2.    Stratified Random Sampling
            When the population is heterogeneous then stratified sampling can be used to obtain more accurate results. Stratification means division of the universe into groups based on geographical, sociological or economic characteristics.
Process of Stratification         Stratified Random Sampling involves the following steps.
o   The universe is first divided into sub-groups or strata and the required units are selected at random from each sub-group
o   The stratification should be conducted in such a way that the items in each group or strata should be similar to each other but they vary significantly from items in other groups.
o   The size of each group or stratum must be large enough so that it is possible to select the sample units using random sampling.
o   Size of the sample from each stratum can either be proportional or disproportional to the size of each stratum.
Merits and Demerits of Stratified Random Sampling:
This method has several advantages. These are –
o   If the stratification is done correctly, then even a small number of units will form a representative sample
o   In this method all the groups are equally represented and no one group is left unrepresented
o   Bias can be controlled to a great extent in this method.  Greater accuracy can be achieved.
o   It saves time and cost of data collection as the sample size can be less.
The disadvantages of this method are –
o   Dividing the population into homogeneous groups is a difficult task
o   If the strata are overlapping or disproportionate, then the sample may not be representative of the population
o   If the stratification is faulty then it is not possible to correct the sampling errors.

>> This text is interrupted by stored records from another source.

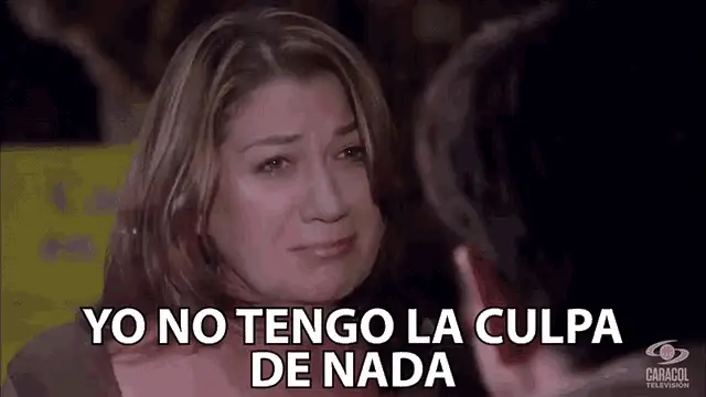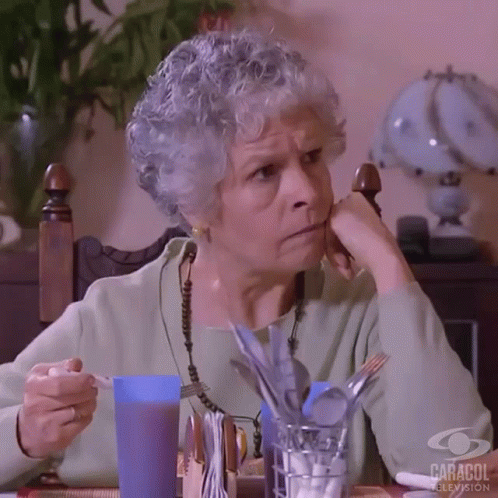Maria Margarita Giraldo as Dona Ruca, looking skeptical at a table with a drink and cutlery.
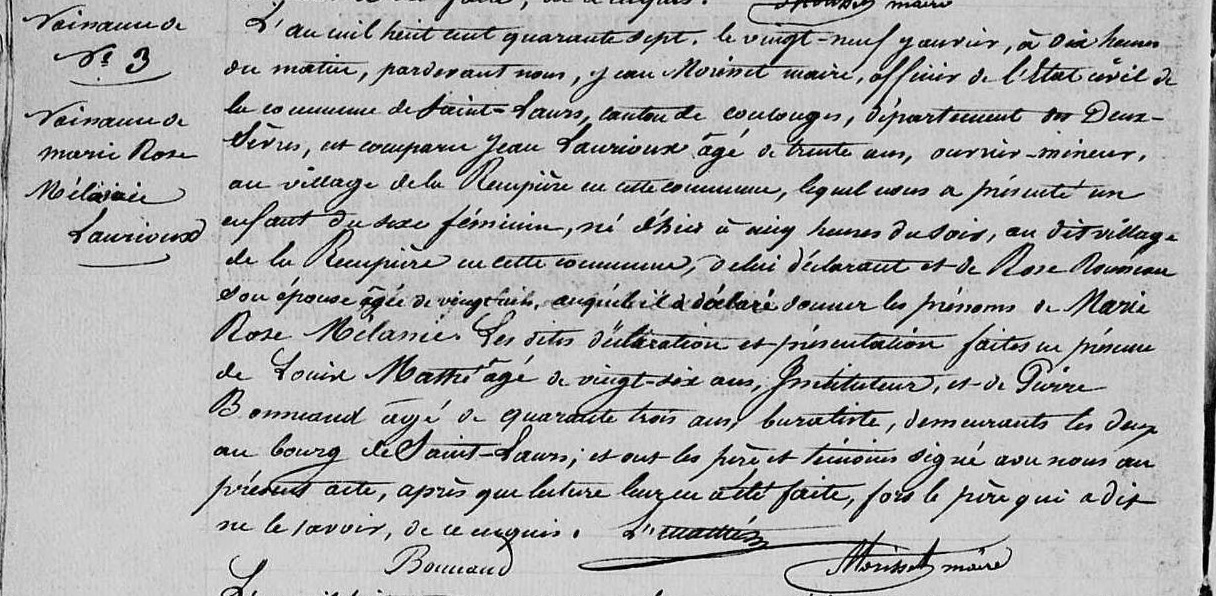 Enfant : LAURIOUX Marie Rose Mélanie ( 1847 - ? )
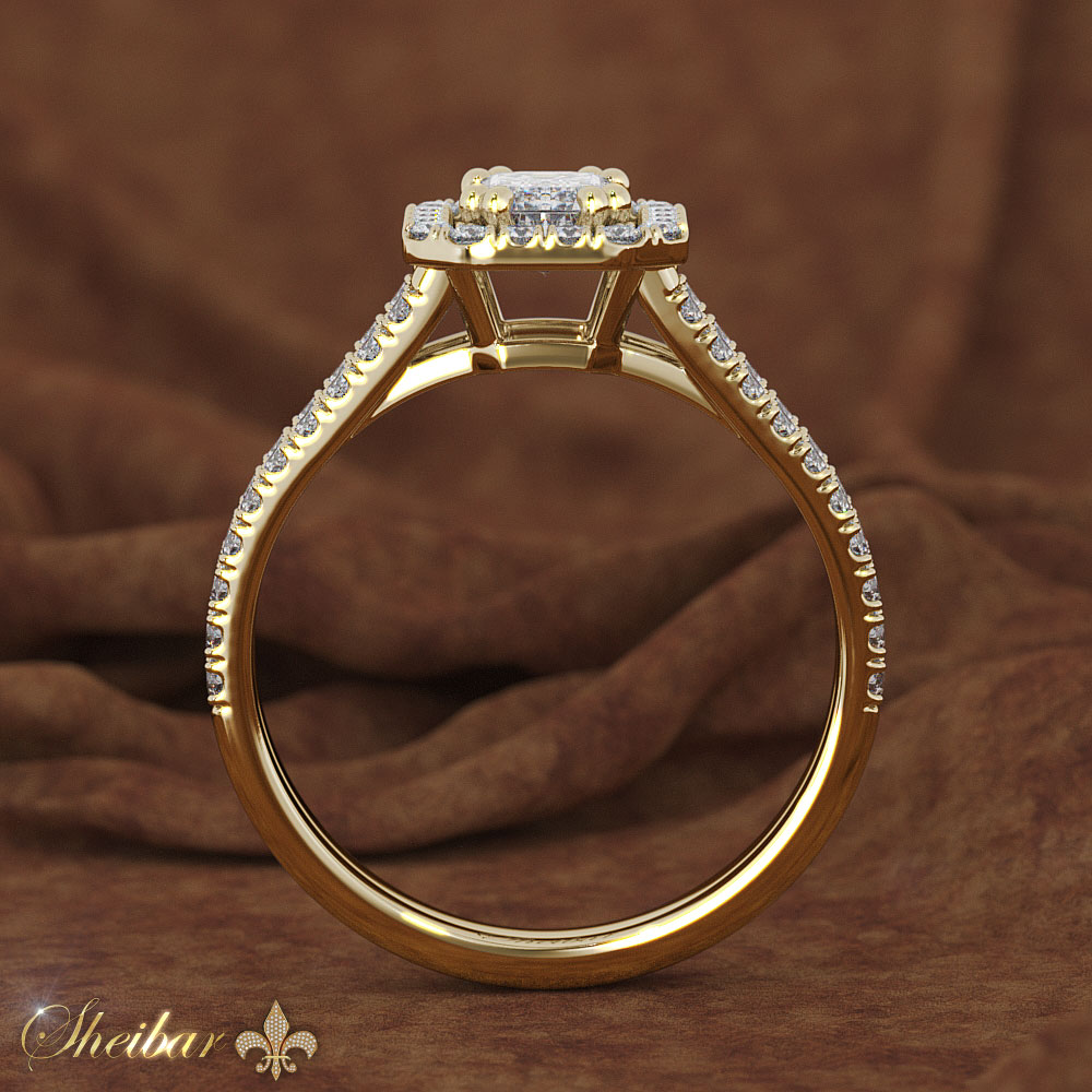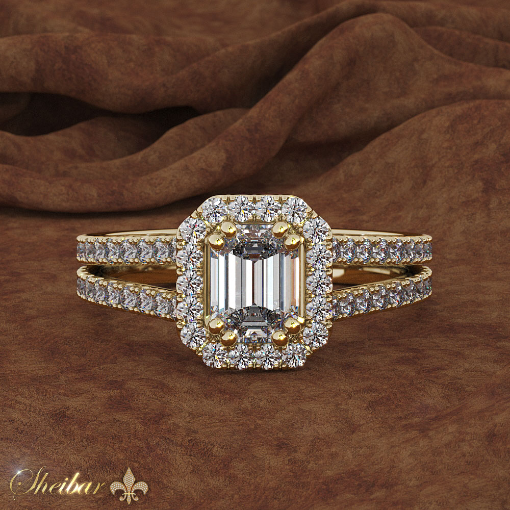 טבעת יהלומים אירוסין - טבעת שלדון - טבעת עשירה ומרשימה עשויה זהב 18 קראט משובצת במרכזה יהלום בחיתוך אמרלד מעוטר מסביבו ביהלומים קטנים שמעצימים ונותנים אילוזיה לאבן גדולה בשל צפיפות השיבוץ הקרוב למרכזית מה שנותן הרבה אור ויופי למרכז הטבעת. בצידי הטבעת 4 קשתות משובצות יהלומים בשיבוץ שיניים מיוחד שמכניס הרבה אור ליהלומים הקטנים ומקנה לטבעת מראה איכותי מרשים ונחשק.
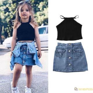 Set Áo Sát Nách+Chân Váy Jeans Cho Bé Gái Từ 1-6 Tuổi
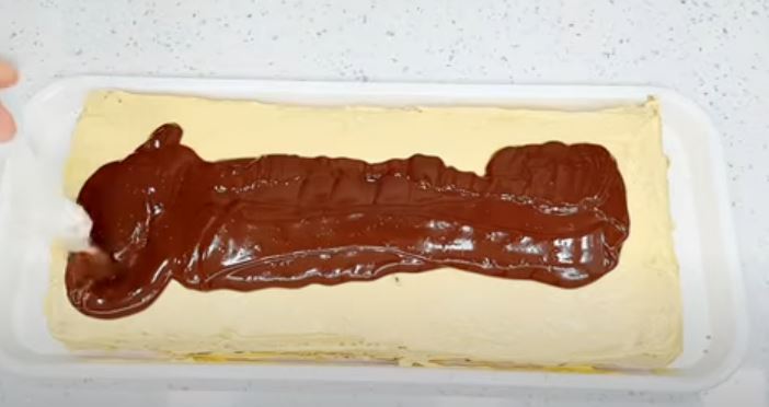 Αδειάζουμε την σοκολάτα πάνω στο γλυκό μας και αλείφουμε από πάνω

3.    Systematic Sampling:    
In this method, the sample is selected from a list prepared in a systematic arrangement either on the basis of alphabetic order or on house number or any other method. In this method, first the entire population is arranged in serial numbers 1 to N. Then the size of the sample should be decided. By dividing the population by the size of the sample, the first sample unit is obtained. Using the same interval, any number of sampling items can be selected. For example, if the population is 1000 and the sample size is 250 then the first sample unit is obtained by dividing 1000/250=4. Then starting from 4 and leaving the same interval, items numbered 4-8-12-16-20-24…. are selected in the sample.
Merits and Demerits of Systematic Sampling:
Merits
·         Easy to follow and checking can be done quickly.
·         Sample will be representative due to randomness in selection.
Demerits
·         This method can be used only when complete and uptodate sample frame is available and if the   units are randomly arranged.
·         If the lists are faulty then it will affect the sample.

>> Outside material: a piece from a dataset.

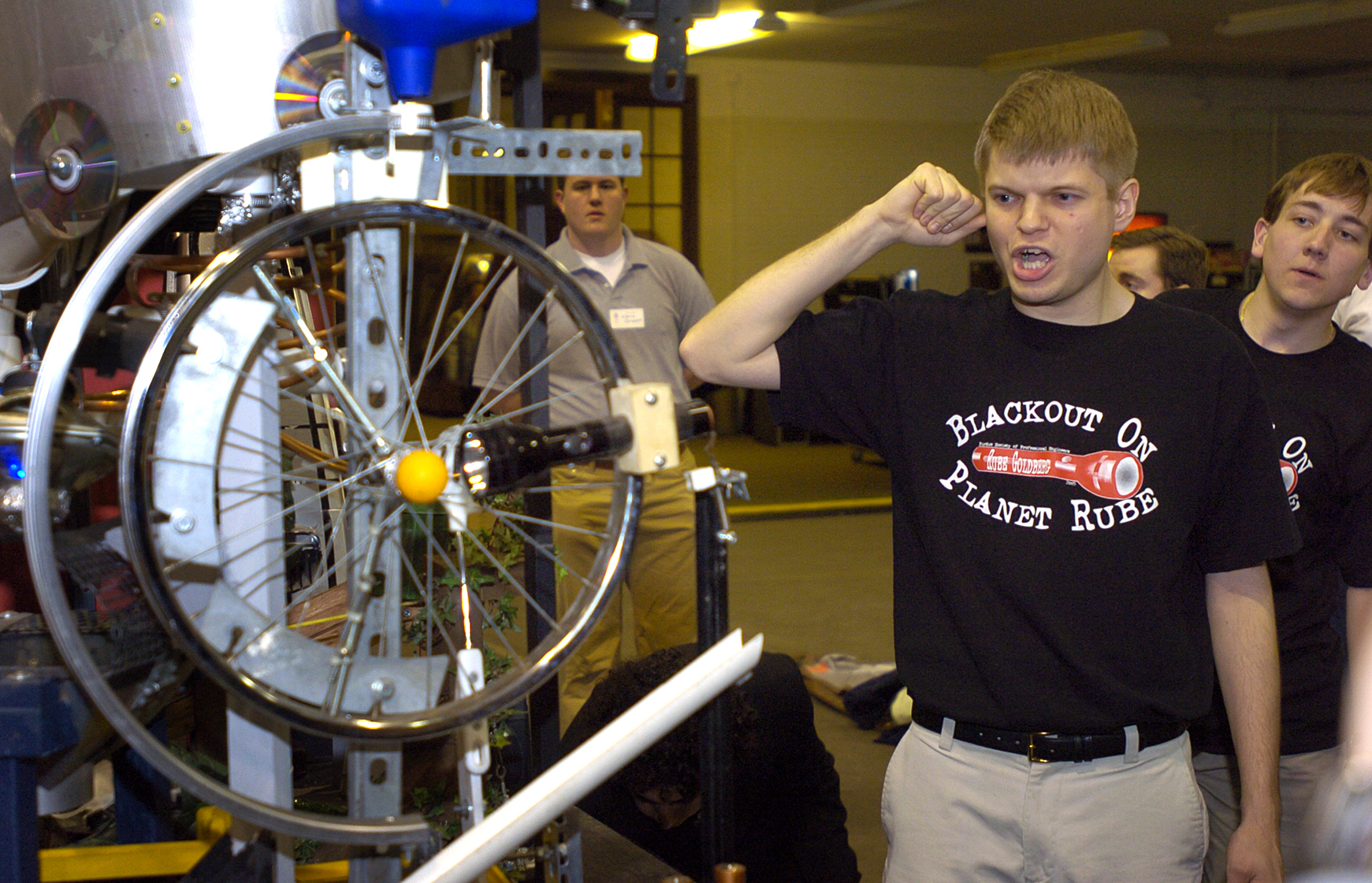 March 28, 2005 Purdue team goes for spotlight in national Rube Goldberg contestWEST LAFAYETTE, Ind. Purdue University will try to light up a three-peat in complexity and inefficiency at the 18th annual national Rube Goldberg Machine Contest.

4.      Cluster Sampling: 

       In this method the total population is divided into some sub-divisions which are termed as clusters using simple random method. All the units in each cluster are surveyed. The cluster should be as small as possible. When the cluster is small will be easy to study and it saves time and money. The number of units in each cluster should be the same.
       If the clusters are many, then the probability and representativeness of the sample is affected. The results will be less accurate if the number of sampling units in each cluster are not same.

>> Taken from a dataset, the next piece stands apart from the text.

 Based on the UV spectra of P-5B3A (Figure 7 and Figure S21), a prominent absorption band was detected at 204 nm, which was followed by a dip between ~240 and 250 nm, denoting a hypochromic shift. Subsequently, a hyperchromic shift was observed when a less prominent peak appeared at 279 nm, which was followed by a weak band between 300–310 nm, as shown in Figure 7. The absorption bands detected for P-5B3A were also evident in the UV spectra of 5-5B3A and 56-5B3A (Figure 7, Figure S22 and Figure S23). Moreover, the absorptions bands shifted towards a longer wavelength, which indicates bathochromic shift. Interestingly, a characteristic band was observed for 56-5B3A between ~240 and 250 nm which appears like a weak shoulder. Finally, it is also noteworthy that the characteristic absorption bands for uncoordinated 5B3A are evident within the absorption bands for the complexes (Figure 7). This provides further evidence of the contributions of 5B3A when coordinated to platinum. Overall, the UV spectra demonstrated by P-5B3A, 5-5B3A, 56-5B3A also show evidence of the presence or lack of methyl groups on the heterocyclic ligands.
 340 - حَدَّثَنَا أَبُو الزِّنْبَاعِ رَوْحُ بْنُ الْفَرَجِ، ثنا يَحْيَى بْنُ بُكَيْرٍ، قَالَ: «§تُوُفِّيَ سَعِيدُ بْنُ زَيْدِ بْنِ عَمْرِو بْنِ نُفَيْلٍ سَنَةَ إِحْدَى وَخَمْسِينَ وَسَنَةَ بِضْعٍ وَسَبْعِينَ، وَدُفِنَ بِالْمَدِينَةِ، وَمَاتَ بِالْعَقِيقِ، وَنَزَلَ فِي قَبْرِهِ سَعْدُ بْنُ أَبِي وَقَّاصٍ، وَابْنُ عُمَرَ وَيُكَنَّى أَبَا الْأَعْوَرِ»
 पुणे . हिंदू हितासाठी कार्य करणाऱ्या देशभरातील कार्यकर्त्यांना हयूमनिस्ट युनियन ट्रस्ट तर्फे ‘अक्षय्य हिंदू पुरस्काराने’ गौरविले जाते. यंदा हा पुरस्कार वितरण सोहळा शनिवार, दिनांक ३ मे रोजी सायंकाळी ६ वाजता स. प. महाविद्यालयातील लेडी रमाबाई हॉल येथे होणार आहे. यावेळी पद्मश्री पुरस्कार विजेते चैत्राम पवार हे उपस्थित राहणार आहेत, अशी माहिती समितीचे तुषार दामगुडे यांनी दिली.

5.      Multi-Stage Sampling: 

       This method is generally used in selecting a sample from a very large area. Multi-stage sampling refers to the technique which is carried out in various stages. The entire population is regarded to consist of number of primary units. The primary units are again composed of secondary units which further consist of third stage units and so on until the researcher ultimately obtains the desired sample. At each stage random sampling techniques are used. The sample size may be proportional or disproportional.
       This method is particularly useful in surveys of under developed areas where up to date sample frame is not available. However, errors are likely to be large in this method compared to other methods.